Марк Ланге – Невыбор (страница 2)
Слово «отец» было подчёркнуто. Дважды. Жирными, яростными, почти разорвавшими тонкую бумагу линиями, в которых читалась не любовь, не нежность, а последнее, предсмертное предупреждение, отчаянная попытка донести что-то сквозь толщу небытия.
Кирилл отшатнулся от стола, будто его ударили раскалённым прутом по голой коже, и его стул с громким скрежетом отъехал назад. В ушах зазвенела абсолютная, оглушающая тишина, наступившая внезапно, словно кто-то выключил звук во всём мироздании, отсек его от привычного мира гулов и шорохов. Воздух в процедурной стал густым, вязким, как сироп, им невозможно было дышать, каждый глоток требовал нечеловеческого усилия. Он уставился на бледное, застывшее, безмятежное в своём конечном покое лицо Семёнова, но видел уже не его. Перед ним стояло, наваливаясь всей тяжестью десяти прошедших лет, другое лицо — измождённое, изрезанное морщинами, с сединой на висках и в щетине, с усталыми, добрыми и всегда немного грустными глазами, в которых читалась какая-то тихая, неизбывная усталость от жизни. Лицо его отца, Владимира Петровича, умершего десять лет назад от рака лёгких, того самого отца, который проработал простым инженером-конструктором всю жизнь и чей самый амбициозный проект заключался в модернизации чертежа конвейерной ленты для бутылочного цеха, человека, далёкого от всякой мистики и метафизики, как Земля далека от Юпитера.
— Этого не может быть, — прошептал Кирилл, и его собственный голос прозвучал глухо, чуждо и неестественно в гробовой, давящей тишине морга, словно это говорил кто-то другой, проснувшийся глубоко внутри него, затаившийся в самых потаённых уголках памяти.

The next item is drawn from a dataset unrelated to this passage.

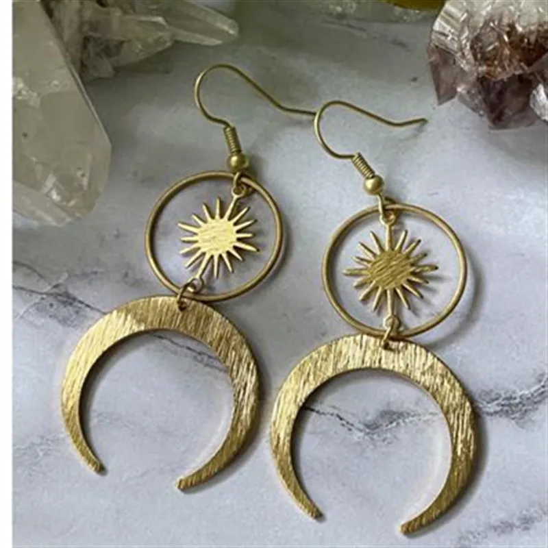 Hippie Tribal Sun Crescent Earrings Brass Color Witchy Bo…

Он схватил тетрадь, скомкав её в дрожащих, внезапно вспотевших пальцах, и почти бегом, спотыкаясь о собственные ноги, выскочил из процедурной, не оглядываясь на тело, оставшееся на столе, на холодный блеск скальпеля, на немой вопрос на лице покойного. В своём кабинете он с силой, от которой вздрогнула стена, захлопнул дверь, повернул ключ, прислонился спиной к холодной, шершавой поверхности и зажмурился, пытаясь загнать обратно в лёгкие воздух, который, казалось, навсегда застрял где-то в горле, превратившись в ледяной ком. Сердце колотилось с такой неистовой, животной силой, что отдавалось глухой, раскатистой болью в висках, в челюсти, в самых корнях зубов. Он разжал пальцы, с трудом разгладил помятые, всё ещё хранящие тепло его ладони страницы. Чертёж был тут. Слова были тут. Это не была галлюцинация, не сон наяву, не помутнение рассудка от усталости и профессионального выгорания. Это была материальная, осязаемая, грубая реальность, которая только что взорвала его старую, выстроенную с таким трудом картину мира, как хрупкую стеклянную вазу, брошенную на каменный пол.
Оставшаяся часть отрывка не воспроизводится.